Week 5— Protein Design Part II

Part A: SOD1 Binder Peptide Design (From Pranam)

Part 1: Generate Binders with PepMLM

P00441 is the unique identifier for Human Superoxide Dismutase 1.

This is the original squence: MATKAVCVLKGDGPVQGIINFEQKESNGPVKVWGSIKGLTEGLHGFHVHEFGDNTAGCTSAGPHFNPLSRKHGGPKDEERHVGDLGNVTADKDGVADVSIEDSVISLSGDHCIIGRTLVVHEKADDLGKGGNEESTKTGNAGSRLACGVIGIAQ

This is the mutation squence: utant Sequence (Target): MATKVVCVLKGDGPVQGIINFEQKESNGPVKVWGSIKGLTEGLHGFHVHEFGDNTAGCTSAGPHFNPLSRKHGGPKDEERHVGDLGNVTADKDGVADVSIEDSVISLSGDHCIIGRTLVVHEKADDLGKGGNEESTKTGNAGSRLACGVIGIAQ

Four unique 12-amino acid peptides were sampled conditionally on the mutant sequence using the PepMLM-650M masked language model.
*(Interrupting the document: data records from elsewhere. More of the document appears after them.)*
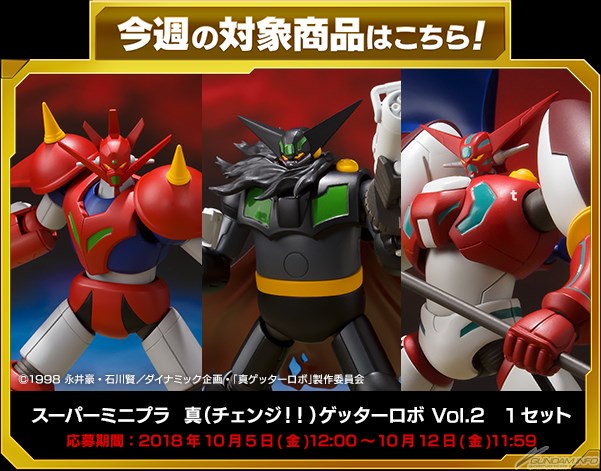3周年を記念して、3週連続Twitterキャンペーンを開催!第1弾では、「真ゲッター1」、「ゲッタードラゴン」、「ブラックゲッター」がセットになったフィギュア「スーパーミニプラ 真(チェンジ!!)ゲッターロボ Vol.2」を、抽選で1名にプレゼント!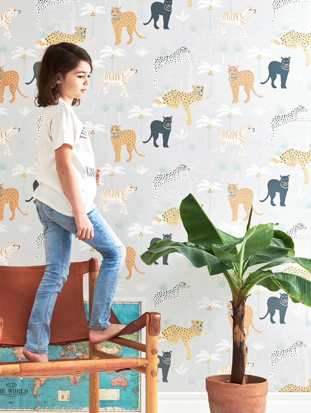 Welches Kind wäre nicht beeindruckt von der Kraft und Geschmeidigkeit großer Raubkatzen? Tiger, Panther, Geparden und Leoparden zwischen Palmen und Grasbüscheln schaffen auf dieser Kindertapete aus dem Hause Majvillan eine exotische Atmosphäre. Der neutrale weißgraue Grund tritt hinter den Fellfarben der kindgerecht gezeichneten Tiere zurück und lässt sich prima mit jeder Kinderzimmer-Einrichtung kombinieren.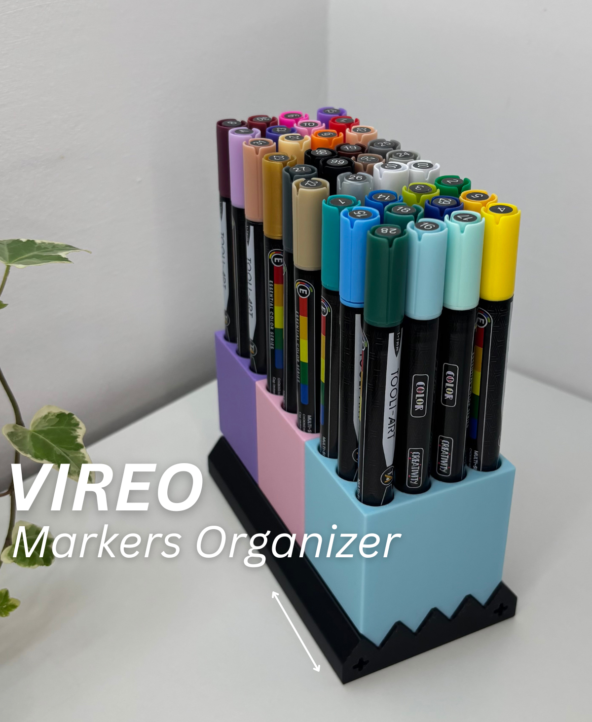 Tutustu tehokkaaseen tapaan järjestää työtilasi tällä modulaarisella merkintäjärjestäjällä. Tämä 3D-tulostettu kynäteline on suunniteltu luomaan järjestystä ja optimoimaan tilaa työpöydälläsi, ja se on käytännöllinen työpöytäjärjestäjä, joka auttaa sinua pitämään kirjoitustarvikkeesi selkeästi koossa. Se koostuu pohjasta ja erillisistä kynätelineosista, jotka liukuvat tarkasti yhteen VVVV-muotoisten urien kautta, mikä varmistaa vakaan ja saumattoman asennuksen.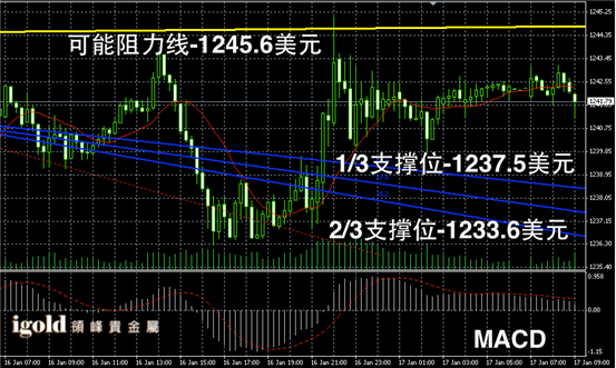 黄金阴阳烛录得后期柱体处于红色日平均移动线,短线MACD显示弱势多头主导,阴阳烛录得离散率较高,后期黄金价格或继续在1240美元附近震荡。
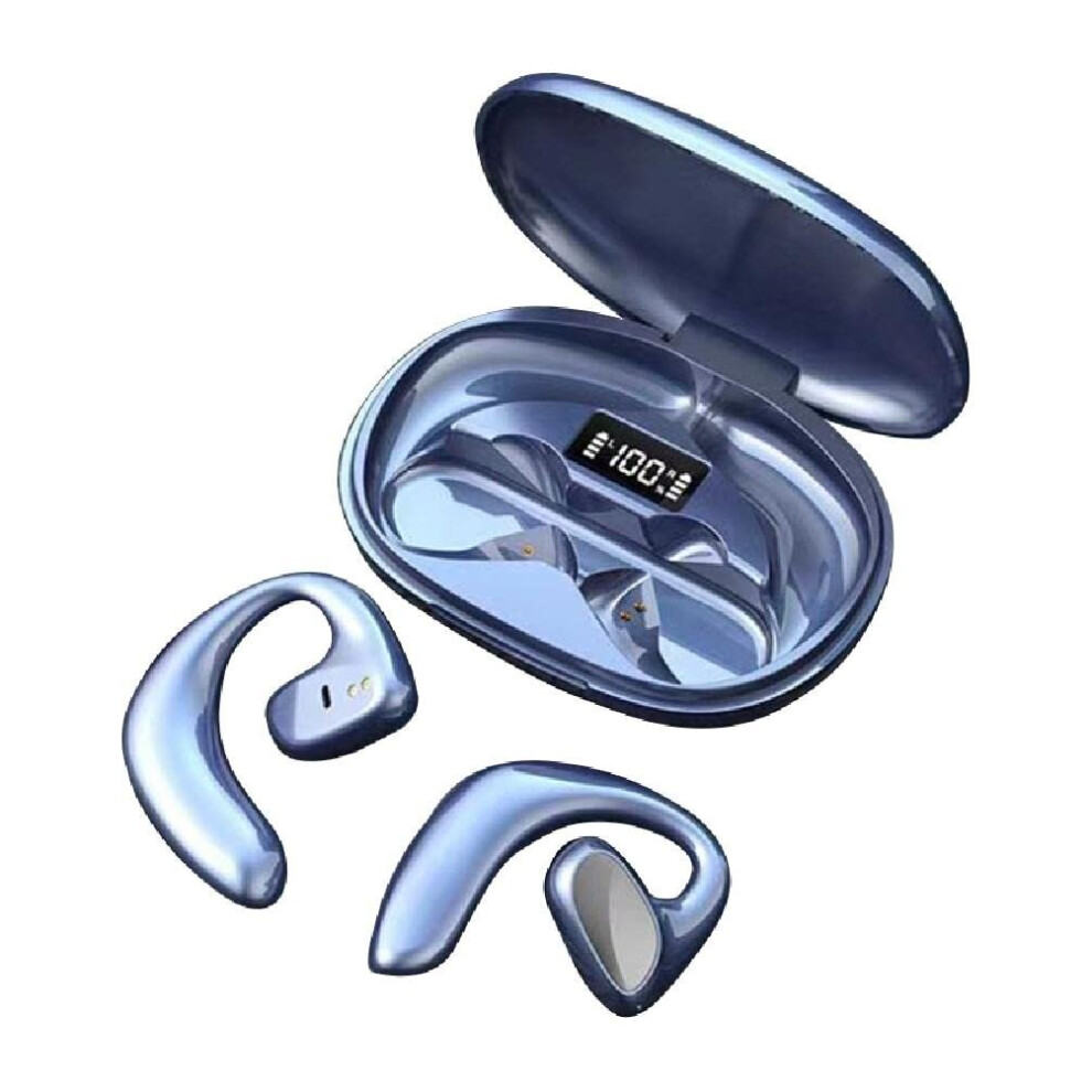 Bluetooth 5.3 Bone Conduction Headphones w/ LED Display Blue IPX5

A known reference binding peptide (FLYRWLPSRRGG) was appended to the list for comparative analysis.

Part 2: Evaluate Binders with AlphaFold3

Each peptide-protein pair was modeled as a heterocomplex (Chain A: SOD1 mutant, Chain B: Peptide) using the AlphaFold 3 Server to calculate structural confidence scores and spatial localization.

. Structural Localization & Binding Interfaces: - Pep-1 & Pep-2 (ipTM = 0.30): Both peptides show low structural confidence. They seem loosely attached to flexible loop regions, away from the core beta-barrel. They do not form distinct, deep contacts near the A4V locus or the stable dimeric interface.

Pep-3 (ipTM = 0.70): This candidate shows excellent structural confidence. It fits precisely into a pocket next to the N-terminus where the A4V mutation is located, partially packing against the edge of the β-barrel core. The structure appears stable and mostly buried, directly protecting the destabilized area.
- Pep-4 (ipTM = 0.27): This peptide has poor localization, remaining completely exposed to the solvent with highly uncertain positions. This indicates a lack of stable physical interaction.
-Control (ipTM = 0.28): The reference binder exhibits low confidence when docked against this isolated mutant monomer format, failing to establish strong, ordered secondary structure contacts.- Control (ipTM = 0.28): The reference binder shows low confidence when docked against this isolated mutant monomer format. It fails to establish strong, ordered secondary structure contacts.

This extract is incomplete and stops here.